We get to the park and pull into the lot
and my daughter says something about Happy wanting to stay with us
and I have to tell her that birds want to live with birds,
especially wild birds, this is his home
and his friends are expecting him.
She wants to carry the cage
so we let her, it looks so big in her tiny hands
she has to use two hands to carry the small cage across the lot.

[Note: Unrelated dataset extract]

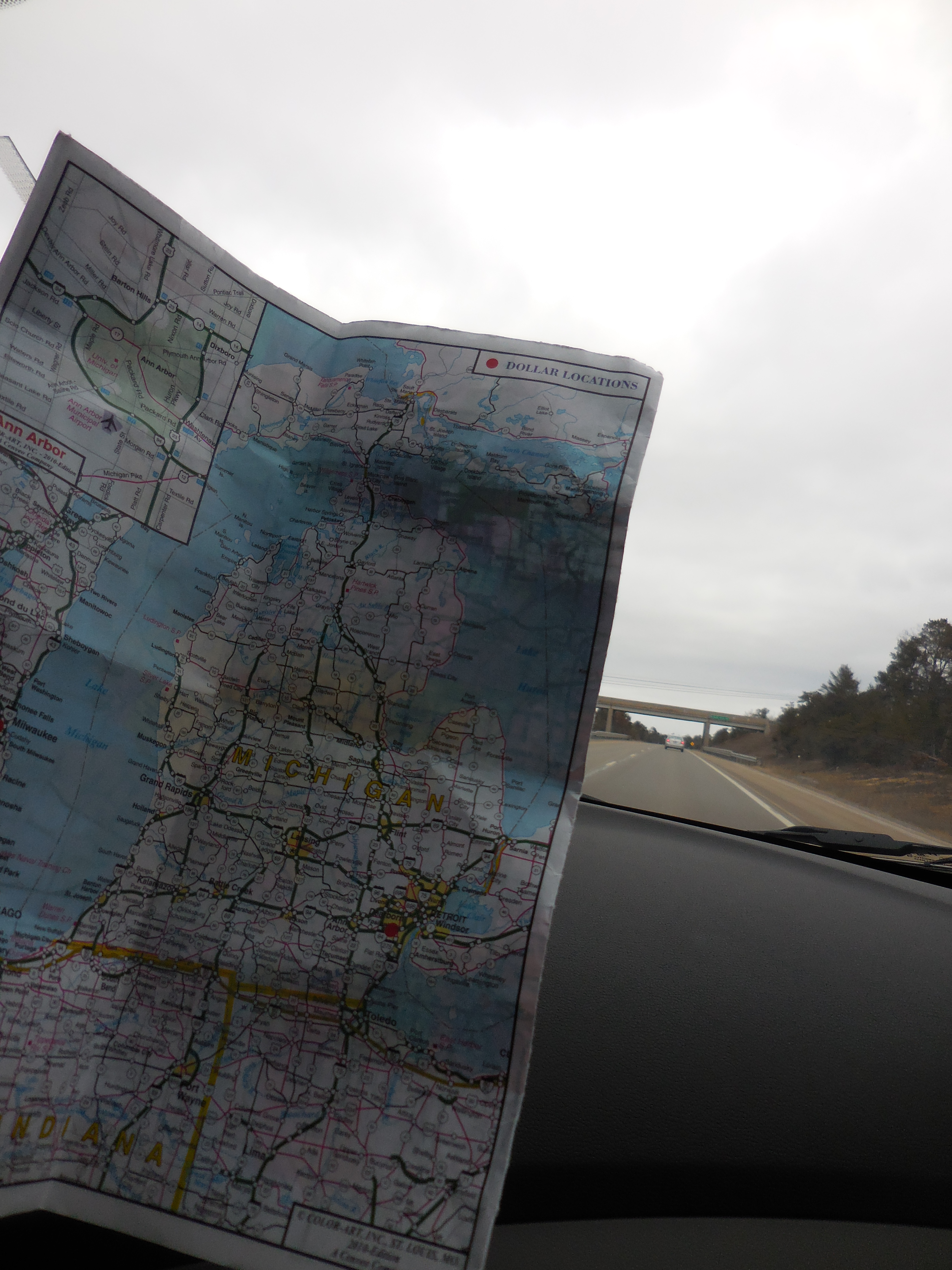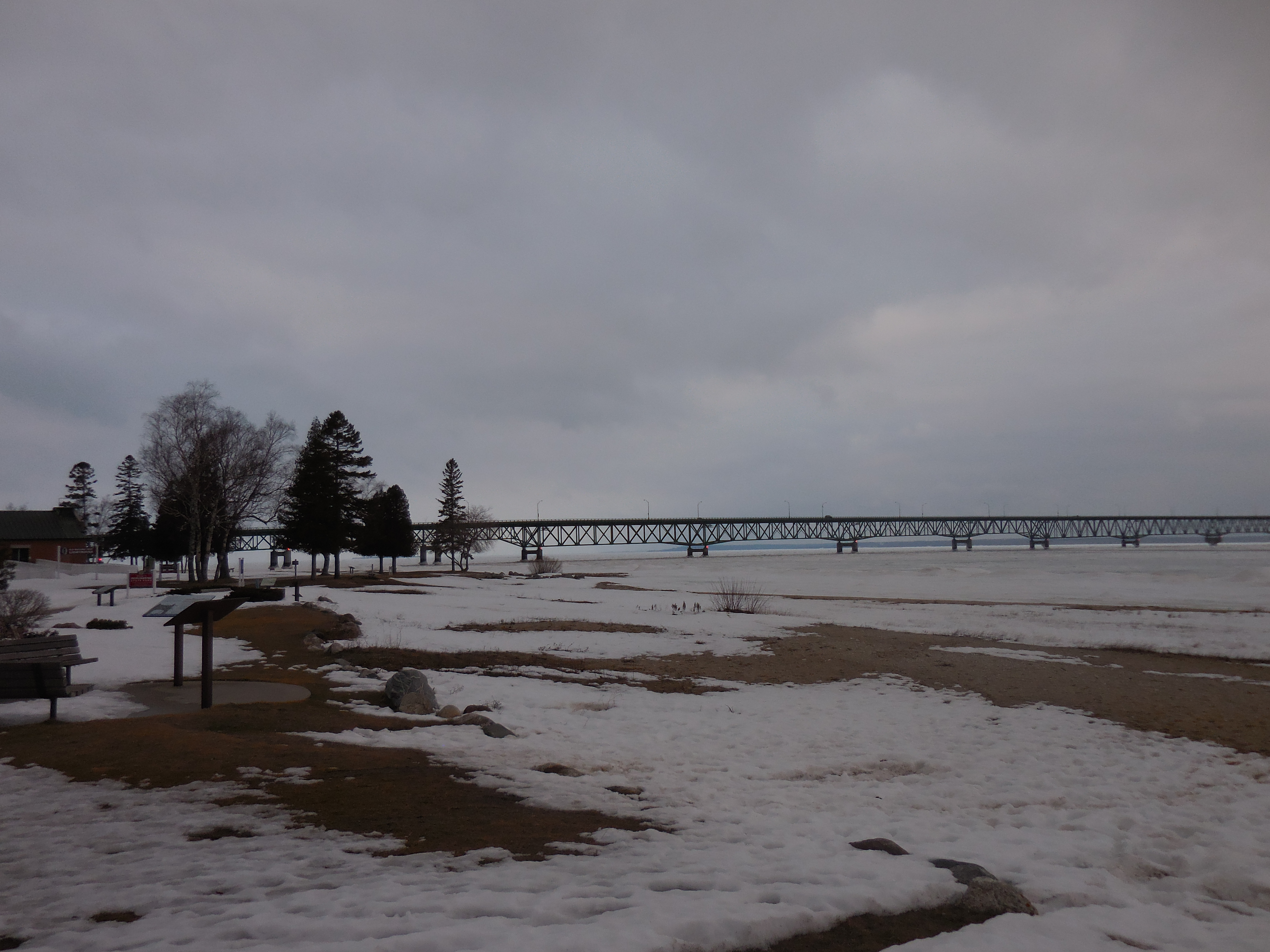 Two days before we flew to Detroit, Katie and I made a last minute decision to take the northern route on our way to Milwaukee instead of the (much shorter) southern course. This is one of the reasons that we don’t book our hotels in advance. After some finagling with Google maps and a glance at the paper atlas, we chose to drive up Route 75 and cross the Mackinac Bridge before landing in the little town of St Ignace, chosen on a whim. The road opened into the distance and became less and less congested the further we got towards the bridge, validating our decision to avoid the more inland and town-filled roads that lay in the other direction. In addition to quieter surroundings, we started to see more and more snow on the ground. At one point, we passed through a swath of flurries that sent a frosty shudder down my spine—knowing that a freak-blizzard was not completely impossible. Luckily, no snowpocolype occurred on this drive (two weeks ago, we might not have been so lucky).

All the while, the little bird in the cage has been quiet,
hopping back and forth on the newspapered bottom to maintain balance
with the bouncing steps of the little girl
but I can tell he’s looking out through the bars of the cage
at a world he thought he would never see again
I can tell he’s wondering why we’re here.

My daughter sets the cage down on the grass and claws at the cage door
she wants to be the one to open it. I remind her that Happy
is too small for her to try to hold, like I’ve been saying all winter
that all she can do is open the cage door
and wait for the bird to come out on his own. Surprisingly, though,
it only takes a couple of seconds for the bird
to hop on the thin wire of the cage’s doorframe
as though he’s been listening to us
as though he knows exactly what’s expected of him.
“He wants to stay with us!”
says my daughter suddenly, slamming the little door shut
but it’s too late, Happy is already gone
a flutter of wings into the trees overhead.



Holly Day has been a writing instructor at the Loft Literary Center in Minneapolis since 2000. Her poetry has recently appeared in Asimov’s Science Fiction, Grain, and Harvard Review, and her newest poetry collections are Into the Cracks (Golden Antelope Press), Cross Referencing a Book of Summer (Silver Bow Publishing), The Tooth is the Largest Organ in the Human Body (Anaphora Literary Press), and Book of Beasts (Weasel Press).